The Scoop
Three Democratic senators are demanding that Secretary of State Marco Rubio reject what they characterized as a scheme to withhold lifesaving HIV treatment from over a million Zambians unless the African nation agrees to grant US businesses favorable access to its copper mines.
Jeanne Shaheen, the top Democrat on the Senate Foreign Relations Committee, along with Sens. Chris Coons, D-Del., and Brian Schatz, D-Hawaii, wrote in a letter to Rubio that they are “alarmed by reports” about State Department officials proposing to condition both HIV funding and previously pledged Millennium Challenge Corporation economic assistance on Zambia agreeing to favorable economic reforms for US businesses.
“We urge you to reject this tactic of economic coercion,” they wrote in the Thursday letter, which was shared first with Semafor.
It follows reporting from The New York Times that State had crafted a plan to pressure Lusaka on mining policy by threatening to end health support “on a massive scale.” The senators called the reported approach “a disturbing break from the long held bipartisan support for PEPFAR,” a program that has enjoyed rare bipartisan backing in Congress.
Know More
A Senate Democratic aide told Semafor that State Department officials have informed them “that Secretary Rubio believes every dollar spent should be in the interest of the United States, with the implication that life-saving aid is dependent on economic deals.”
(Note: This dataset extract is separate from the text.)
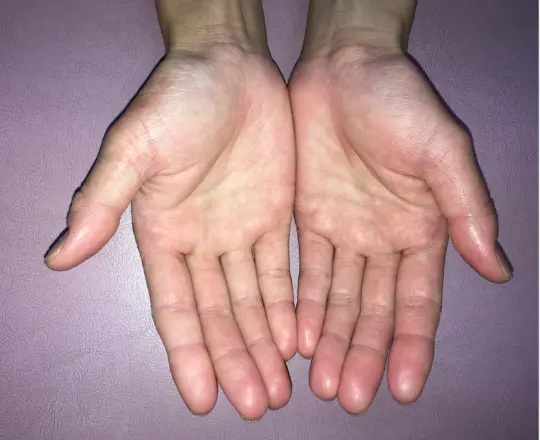 私は手の皮膚の抵抗力が無いと考え、手にいく神経はどこからなのか、また、そこはなぜズレたのかを説明し、ズレを治すと変化しました。
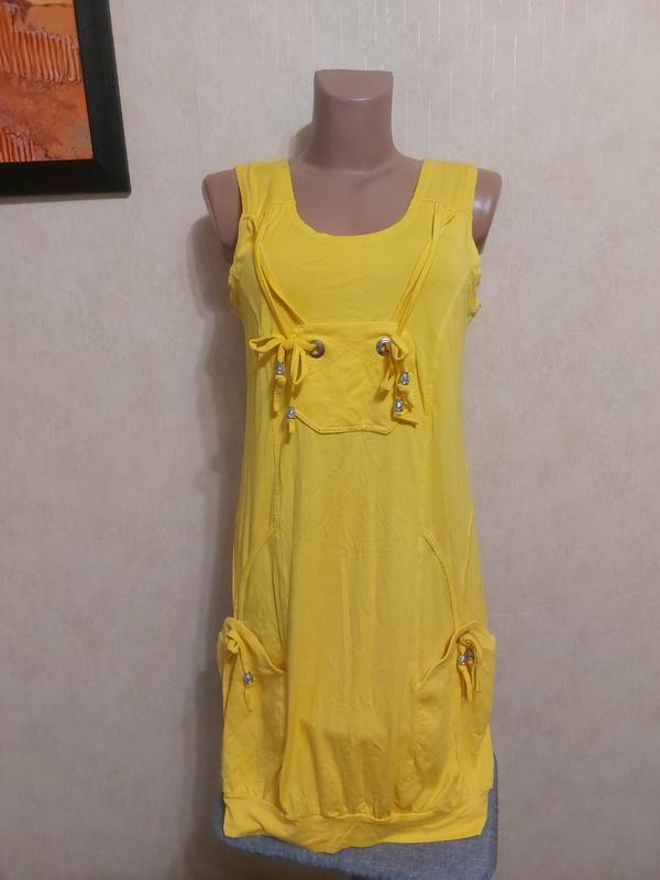 яркое желтое летнее платье с карманами 48 р нова Д 92 пог 46-72 пот 45-68 поб 51-79

The State Department pushed back on that characterization, framing the approach as part of a broader shift in US foreign policy strategy.
“[The US is transitioning] from a foreign assistance paradigm to an investment and growth paradigm capable of harnessing Africa’s abundant natural resources and latent economic potential,” a spokesperson told Semafor.
On health aid, the department added that it has “offered Zambia a Memorandum of Understanding (MOU) under the America First Global Health Strategy” and expects recipient governments to increase their own health spending.
Zambia holds some of the world’s most significant copper reserves, a resource of growing strategic importance as the US and China compete for influence over the critical minerals needed to power electric vehicles and defense technologies.
Notable
A new proposed railway to connect Zambia’s copper mines with the Lobito port in Angola will cost up to $5 billion, Semafor recently reported.